6

This is very similar to this question, but unfortunately, I still couldn't get it working.

I have a model, with a property that combines a few fields:

class Specimen(models.Model):
    lab_number = ...
    patient_name = ...
    specimen_type = ...

    @property
    def specimen_name(self):
        return f"{self.lab_number}_{self.patient_name}_{self.specimen_type}"

In Django Admin, when someone does a search, I can use the search_fields attribute in the Model Admin to specify real fields, but not the specimen_name custom field:


def specimen_name(inst):
    return inst.specimen_name
specimen_name.short_description = "Specimen Name"

class SpecimenModelAdmin(admin.ModelAdmin):
    list_display = ('specimen_name', 'patient_name', 'lab_number', 'specimen_type')
    search_fields = ('patient_name', 'lab_number', 'specimen_type')

Doing a search using the code above, it will search the individual fields, but if I try to search for a full specimen_name in Django Admin, it won't find it, because none of the fields contain the exact, full specimen name.

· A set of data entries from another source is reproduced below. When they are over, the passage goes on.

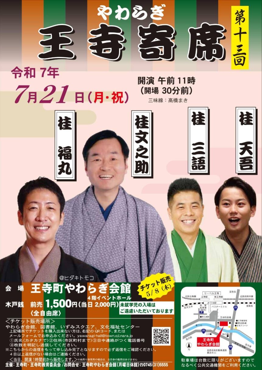 2025.07.12(土) 7月21日(月・祝)『第13回 やわらぎ王寺寄席』に出演します。 #公演情報 日時 7月21日(月祝) 開演11時00分(開場10時30分) 会場 王寺町やわらぎ会館 4階イベントホール 出演 桂文之助、桂福丸、桂三語、桂天吾 チケット情報 全席自由 前売1,500円/当日2,000円 お問い合わせ 王寺町やわらぎ会館/王寺町 この情報をSNSでシェアする お知らせ一覧へ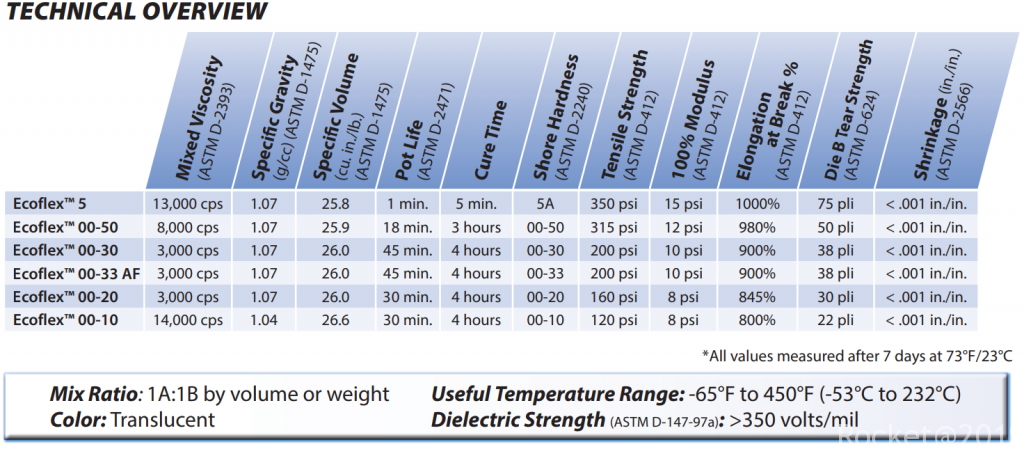 ECOFLEX 00-30 (1:1)3, 000 cps/3 pa-sec1.379Ma1.070.068947 MPa45 min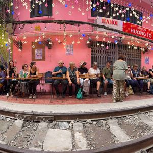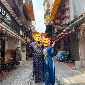 アオザイ着てトレインストリートで電車待ちながら写真撮りまくりは楽しい経験でした。東河門、ロンビエン橋は私達だけではバイクと車にぶつからずには辿り着けませんよー。きれいなお店でブンチヤ食べてアオザイ返してホテルに送ってもらい終了でした。夫婦共に初めてのベトナムだったので送迎付きでガイドさんと運転手さんがいい方で安心でした。ガイドさん、一生懸命案内してくださりありがとうございました!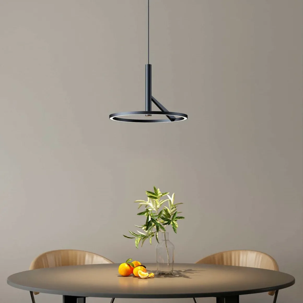 Dekorativ pendel med direkte lys i ringen og spotlys fra tuben i midten. Leveres med 175cm ledning, hvor høyden enkelt kan reguleres før og etter montering.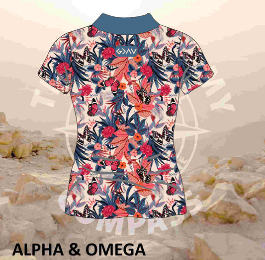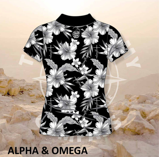 Alpha and Omega Child of God Grey Hibiscus Ladies Golf Shirt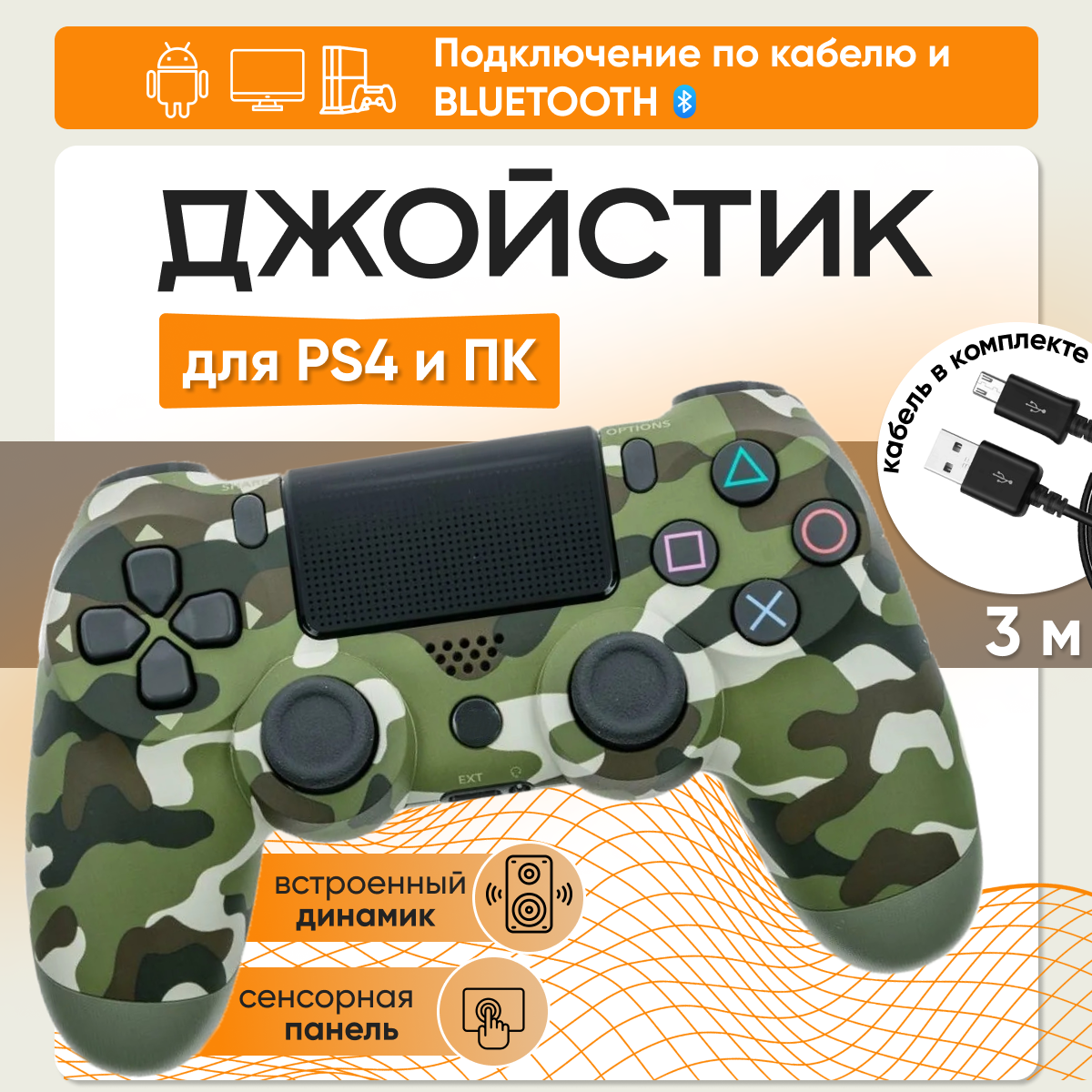 Купить Геймпад для PS4 + провод 3 метра / Джойстик контроллер для Playstation 4, PC, Android, iOS Зелёный камуфляж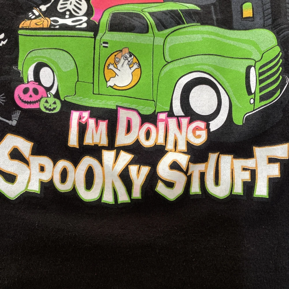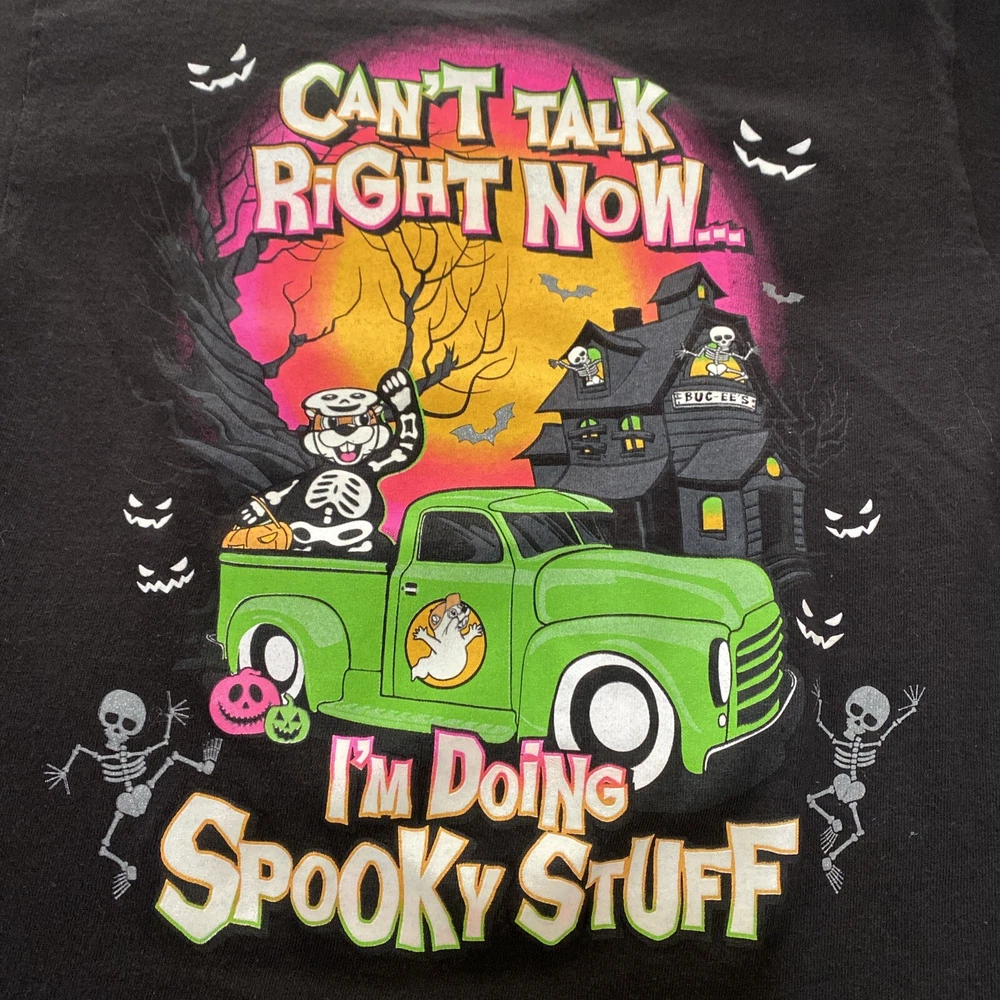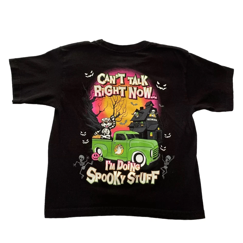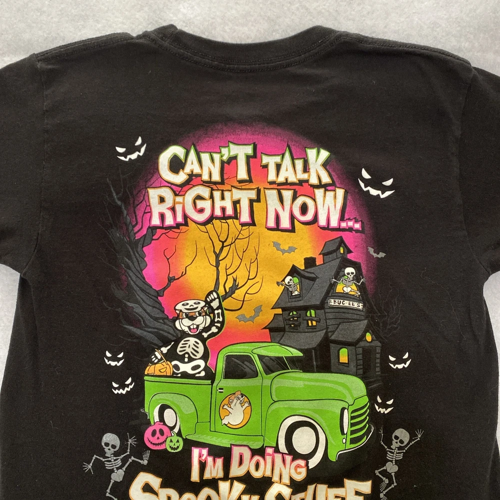 Buc-ee's Halloween Shirt Kids Youth XS Can't Talk Now Doing Spooky Stuff T-Shirt. In good, preowned condition. No stains or holes. Glows in the dark. Youth size XS. Measurements taken while lying flat: Armpit to armpit: 14.5" Sleeve length: 6" Total length: 17.5" Shipped from a smoke free home.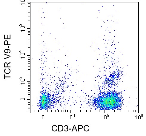 • Staining of normal human peripheral blood mononuclear cells (PBMCs) using APC CD3 Antibody and PE Human TCR Vγ9 Antibody (Clone: 3G8.5) (Catalog Number: H2492). Analysis data derived from lymphocytes.
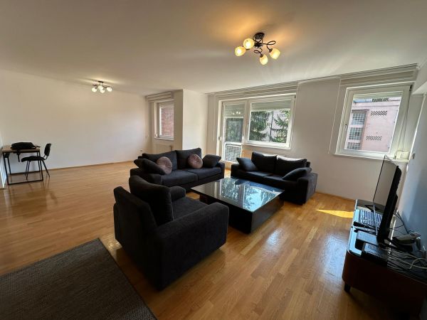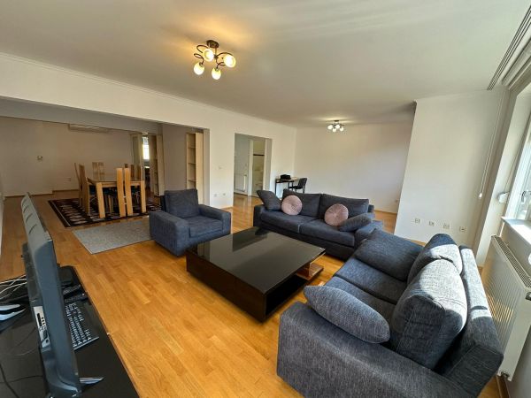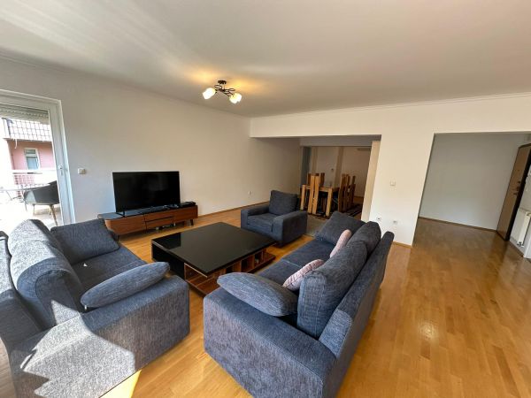 A modern and renovated apartment of 115 square meters is for rent, located in the area of Điđikovac, in one of the most beautiful parts of Sarajevo. The apartment is located in a very quiet location, but again just a few steps from the city center, and contains: a living room with an exit to the balcony, a spacious dining room, a modern fully equipped kitchen, three bedrooms(master with same balcony as living room ) a bathroom, a toilet, a corridor, an entrance hall,laundry room. It is characterized by a southeast orientation that provides plenty of natural light throughout the day.

The SO question I linked to above pointed me in the right direction - using get_search_results. My code now looks something like this:

class SpecimenModelAdmin(admin.ModelAdmin):
    ...
    search_fields = ('patient_name', 'lab_number', 'specimen_type')

    def get_search_results(self, request, queryset, search_term):
        if not search_term:
            return queryset, False

        queryset, may_have_duplicates = super().get_search_results(
            request, queryset, search_term,
        )

        search_term_list = search_term.split(' ')
        specimen_names = [q.specimen_name for q in queryset.all()]
        results = []

        for term in search_term_list:
            for name in specimen_names:
                if term in name:
                    results.append(name)
                    break

        # Return original queryset, AND any new results we found by searching the specimen_name field
        # The True indicates that it's possible that we will end up with duplicates
        # I assume that means Django will make sure only unique results are returned when that's set
        return queryset + results, True

As far as I know, I can't do a queryset.filter(specimen_name=SOMETHING). .filter won't recognize the @property method as a field in needs to search. That's why I write my own loop to do the searching.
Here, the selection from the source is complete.